Однако Еврейская автономная область самая маленькая в регионе, а ситуация в целом не выглядит такой тревожной. В Амурской области, где уже несколько лет почти до нуля сокращены квоты на привлечение иностранцев в сельское хозяйство, китайцы присутствуют лишь как скупщики российской сельхозпродукции. Такая же ситуация, очевидно, вскоре будет наблюдаться и в Приморье, где решение обнулить квоты на привлечение иностранных рабочих в сельское и лесное хозяйство было принято еще до введения запретов, связанных с эпидемией коронавируса.

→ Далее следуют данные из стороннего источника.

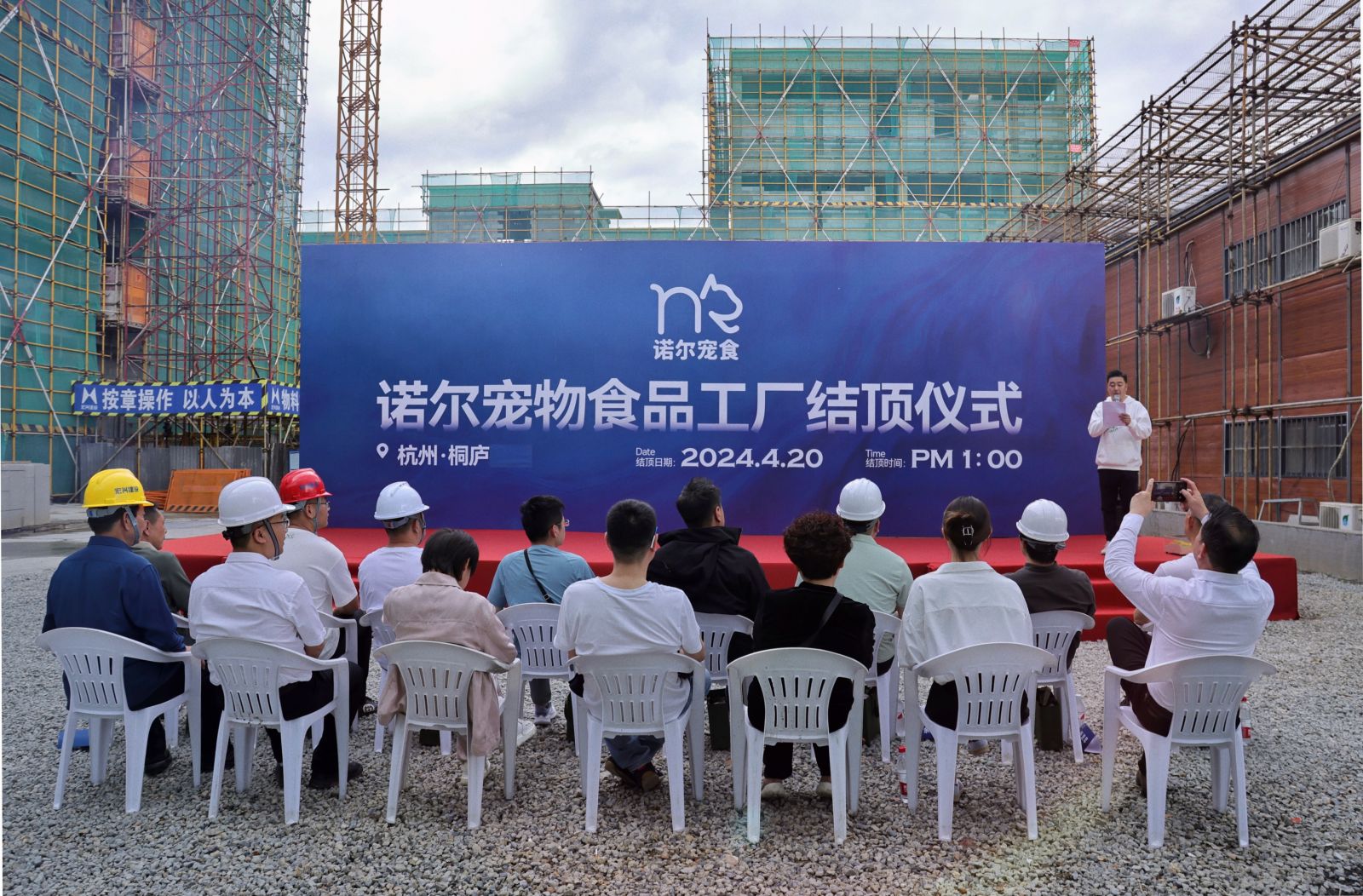 2024年4月20日下午,在桐廬縣橫村鎮,由杭州諾爾寵物食品有限公司投資興建,浙江宏興建設有限公司承建的“桐廬縣橫村鎮2023-1號工業地塊年產五萬五千噸寵物膨化凍干濕糧食品建設項目”結頂儀式順利舉行。公司董事長余良軍應邀參加本次結頂儀式。

Вероятно, в ближайшей перспективе это приведет к разорению небольших хозяйств в деревнях с нехваткой местной рабочей силы. Или хозяйств, производящих тепличные овощи, так как этой трудоемкой работой традиционно занимались китайцы. В остальном же отказ от китайских сельхозрабочих вряд ли станет фатальным для региона. После падения рубля в 2014 году поток китайцев, желающих выехать в Россию на работу, и сам по себе упал до минимума.
Между тем ставка на собственные трудовые ресурсы – конкурентное преимущество и одновременно уязвимое место китайского бизнеса на Дальнем Востоке. И дело тут не в трудолюбии и дисциплинированности китайских работников, как может показаться. Китайские сезонные рабочие, приезжающие на поле или строительный объект на несколько месяцев, без семей и с целью заработать – это минимум издержек на социальные нужды. Такие рабочие обычно готовы жить в самых скромных условиях и работать без выходных.

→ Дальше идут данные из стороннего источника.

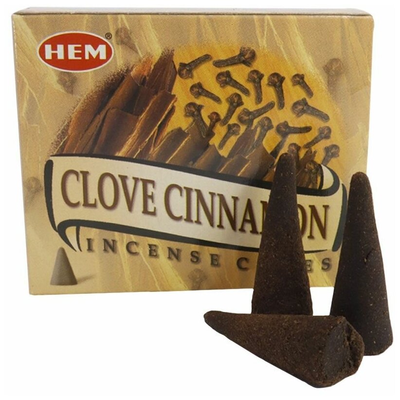 Купить Hem Incense CONES CLOVE CINNAMON (Благовония конусы гвоздика корица, Хем), уп. 10 конусов.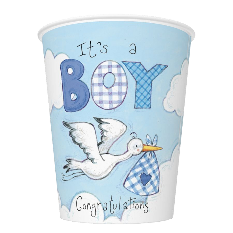 8 Papp Becher Baby Storch Blau

Когда китайское приграничье исправно поставляло на Дальний Восток дешевую и мобильную рабочую силу, россияне были востребованы только на «менеджерских должностях» (юристы, бухгалтеры) и в качестве поденных работников. После того как в пересчете на юани зарплаты в России упали, а местные власти ввели ограничительные меры, нанимать китайских рабочих стало намного труднее. По этой причине, к примеру, компания КОФКО не планирует заниматься обработкой земли и, соответственно, приглашать на работу китайских фермеров; вместо этого она закупает сою и кукурузу российского производства и планирует строить складскую и перерабатывающую инфраструктуру (до последнего, впрочем, дело пока не дошло).
В сферу лесозаготовок капитал и рабочая сила из КНР и до коронавируса, как правило, не допускалась. Однако именно китайские предприниматели закупали древесину, занимались ее примитивным распилом, а также контролировали качество до отправки в КНР. По словам людей из отрасли, продать лес в Китай без китайских посредников нереально. В то же время именно продажа кругляка дает наибольшую прибыль, даже с учетом доли посредников, поэтому стимулов развивать глубокую переработку древесины фактически нет.

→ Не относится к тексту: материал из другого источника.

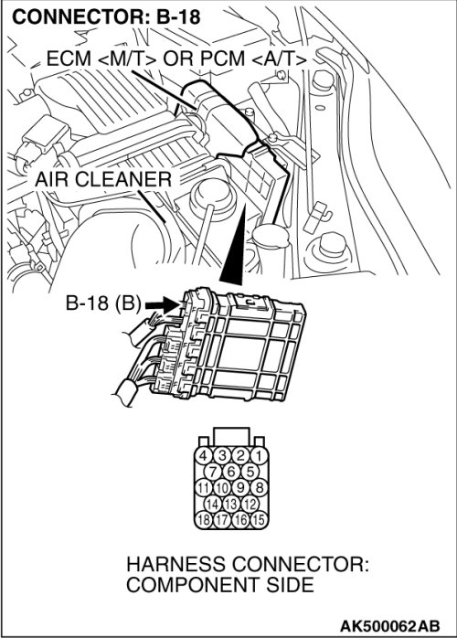 STEP 13. Check connector B-18 at ECM [M/T] or PCM [A/T] for damage.

В контекстеРоссия и Китай в Африке. Конкуренты или союзники? Геополитическое сближение и относительно высокий уровень доверия между Москвой и Пекином создают впечатление, что они действуют в Африке сообща. Но пока свидетельств этому нет.
К тому же Китаю неинтересно закупать переработанную продукцию, поскольку в его приграничных провинциях в избытке предприятий по лесопереработке импортируемого из России кругляка. Введение заградительных пошлин на экспорт круглого леса в краткосрочной перспективе скорее приведет к разорению небольших предприятий, чем к развитию российской деревообрабатывающей индустрии.
Впрочем, в отрасли видны робкие признаки изменения ситуации. Так, некоторые бизнесмены начали вкладываться в обработку, пусть пока и в ущерб собственной прибыли. Кроме того, стремясь уйти от зависимости от китайского покупателя, бизнес ищет новые рынки сбыта и находит их в Японии и Южной Корее.
Китайские предприятия в сфере строительства, как правило, не используют китайские инвестиции и привлекают средства дольщиков из числа россиян. Сейчас они работают только в крупных городах Дальнего Востока, контролируя там 5–10% рынка. Но их активность будет снижаться. Во-первых, бизнесу придется тяжело без китайских строителей. Во-вторых, новые правила долевого строительства требуют держать деньги на депозите в российских банках и соблюдать более жесткие юридические и финансовые процедуры. К этому китайские строительные компании, как правило, не готовы.
Сельское хозяйство, лес и стройка – три кита, на которых стоит китайский капитал на Дальнем Востоке. Всем остальным в общем обзоре можно пренебречь. Китайских заводов и фабрик в регионе нет, а попытки их создать представляют больший интерес для правоохранительных органов, чем для исследователя.
Ситуация должна была измениться после того, как в 2015 году появились режимы территорий опережающего развития (ТОР) и свободного порта Владивосток. Однако, как показывают исследования, их резидентами, как правило, стали те компании, которые и так работали на Дальнем Востоке, но решили воспользоваться государственными льготами. Новых инвесторов из Китая мало, но прецеденты есть – например, в одну из компаний ТОР Михайловская инвестирует крупный сельскохозяйственный холдинг «Бэйдахуан» со штаб-квартирой в Харбине.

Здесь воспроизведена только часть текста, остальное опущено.